By Denis O’Connor

Wharfedale Naturalists Society

MY brother lives in southwest France in the department of Lot-et-Garonne, in a house looking across a cultivated valley to the small town of Duras. His garden shelters an enviable variety of wildlife, from black redstarts to western whip-snakes, and he occasionally sends me photos of his more exotic finds.

I have often thought it would be a fascinating spot in which to set up a moth trap and indeed it remains the only place where I have seen that harbinger of doom the Death’s Head Hawkmoth. On one occasion he sent me a photo of a Convolvulus Hawkmoth which he had come across in a nearby vineyard.

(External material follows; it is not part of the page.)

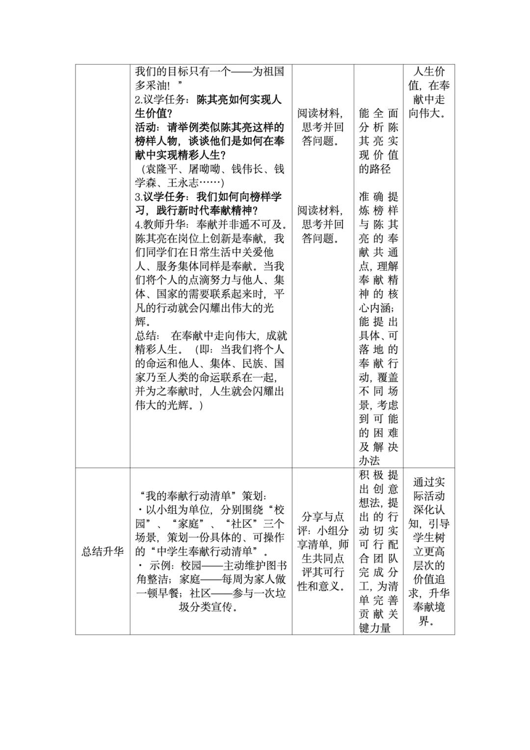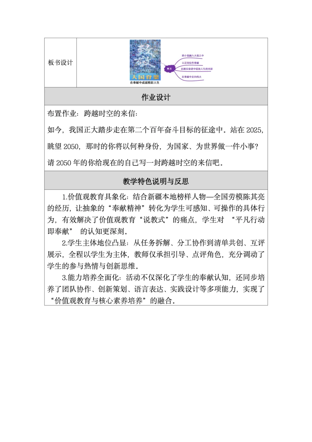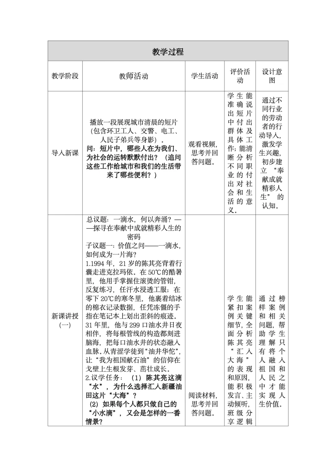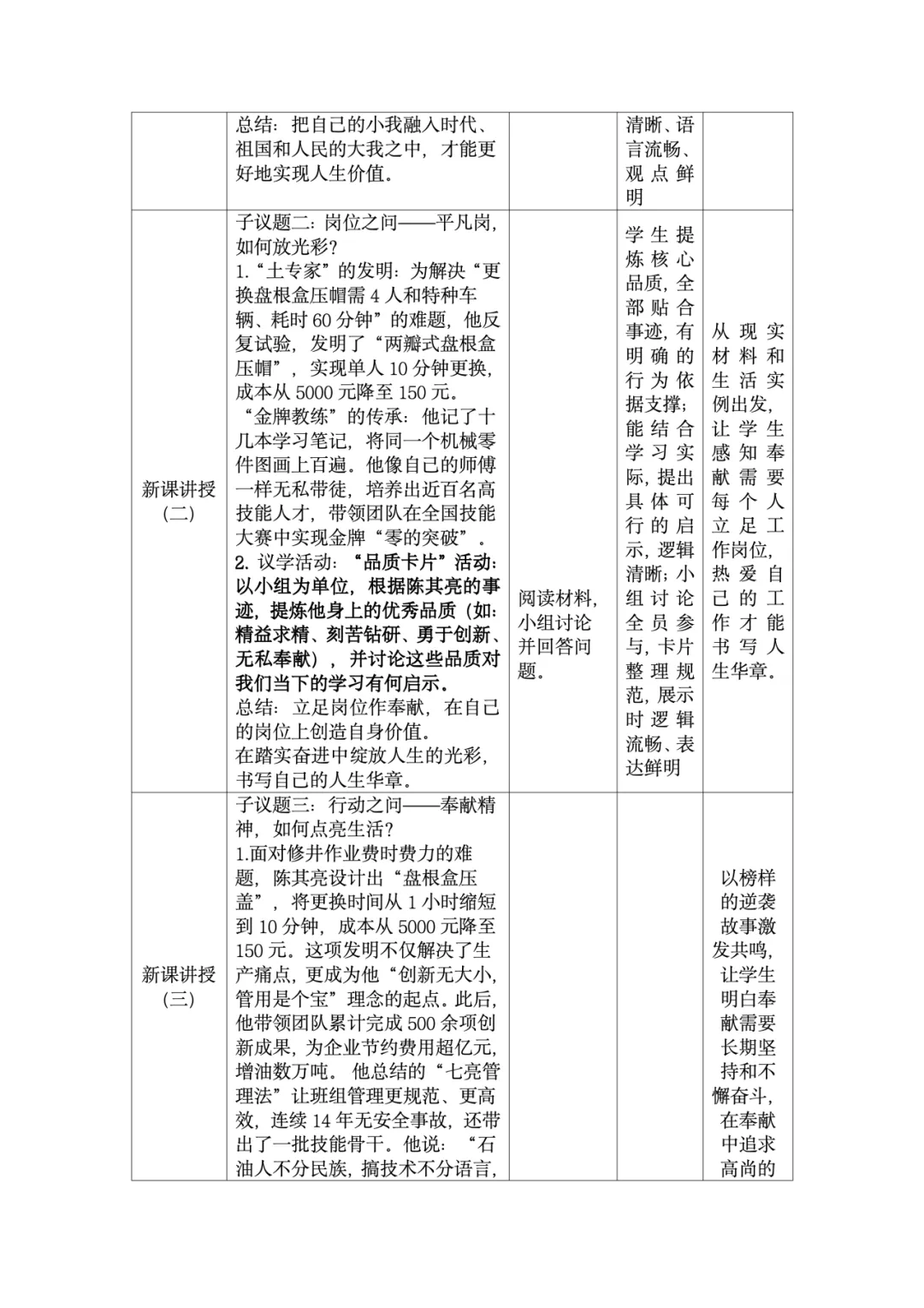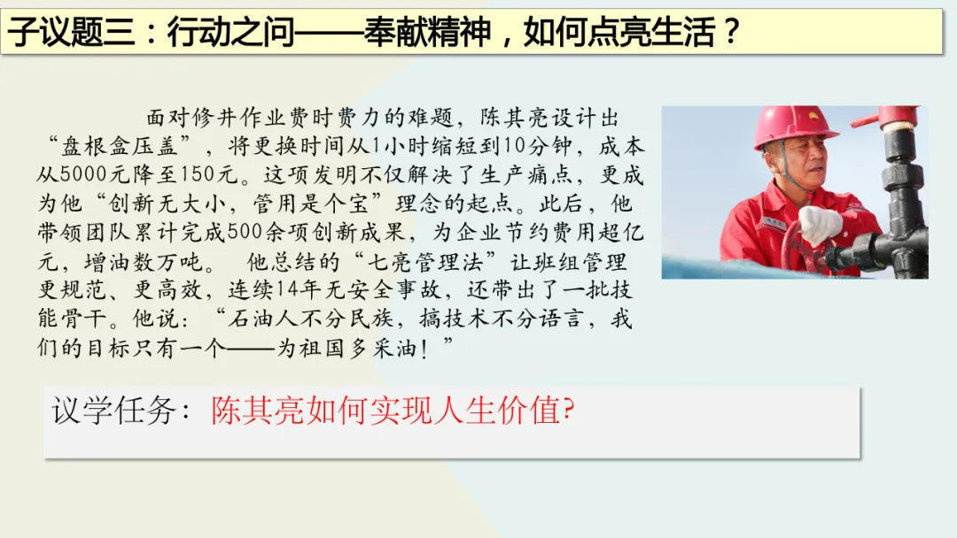 这份教学设计在利用本土化资源方面亮点突出。首先,以新疆本土全国劳模陈其亮31年扎根克拉玛依油田的真实事迹为核心,将抽象的“奉献精神”转化为学生可感知的榜样故事,使价值观教育具象化,增强了教学的亲和力。其次,围绕陈其亮的成长历程设计“价值之问”“岗位之问”“行动之问”三个递进议题,引导学生层层深入理解“小我融入大我”的人生价值,实现了本土资源与教学目标的深度融合。再者,教学设计通过导入城市劳动者短片、策划校园家庭社区“奉献行动清单”等贴近学生生活的情境创设,激发情感共鸣,让“奉献”成为可践行的日常行为。此外,运用视频、小组讨论等多种形式呈现本土案例,同步培养了学生的合作探究与创新实践能力。最后,将榜样奋斗与时代主题相呼应,引导学生思考个人与国家发展的联系,增强了教育的现实意义。总体而言,该设计以本土化资源为载体,有效达成了核心素养目标。

His latest photos were also of a moth but not one that was instantly identifiable (photo courtesy of Hugh O’Connor). It bore a superficial resemblance to a hawkmoth and was of equal size to the two just mentioned with a four inch wingspan. To my surprise it was identified in my field guide to British moths as a Surreptitious Palm Borer, a species native to South America where it inhabits open areas with wild palms.

It is thought that it was initially introduced to Europe in the 1990s in palms imported from Argentina which contained eggs or larvae. The eggs are laid on the palm stem and on hatching the larvae bore into the stem and leaves setting up large colonies within the plant. These are not immediately obvious, hence the “surreptitious” part of the name.

Since its introduction it has spread rapidly, attacking species of both native and ornamental palms across southern Europe and is now spreading north.

So far my brother has seen just one pair of moths and has decided that treating his two tall palm trees would be prohibitively expensive so is leaving them to it.

In Britain they have been recorded a number of times, emerging from ornamental palms imported from Spain and Italy. It is a classic example of how pest species are introduced along with exotic plants where there is insufficient regulation.

Yorkshire is unlikely to be affected by palm boring moths but a much more important example of the same phenomenon has involved the arrival of the killer fungus responsible for the potential destruction of our native ash trees, probably brought in with imported trees.

It is surely time for greater control over the importation of native trees propagated elsewhere as well as non-native trees and plants which too often bring with them invisible insect pests, killer fungi and pathogens.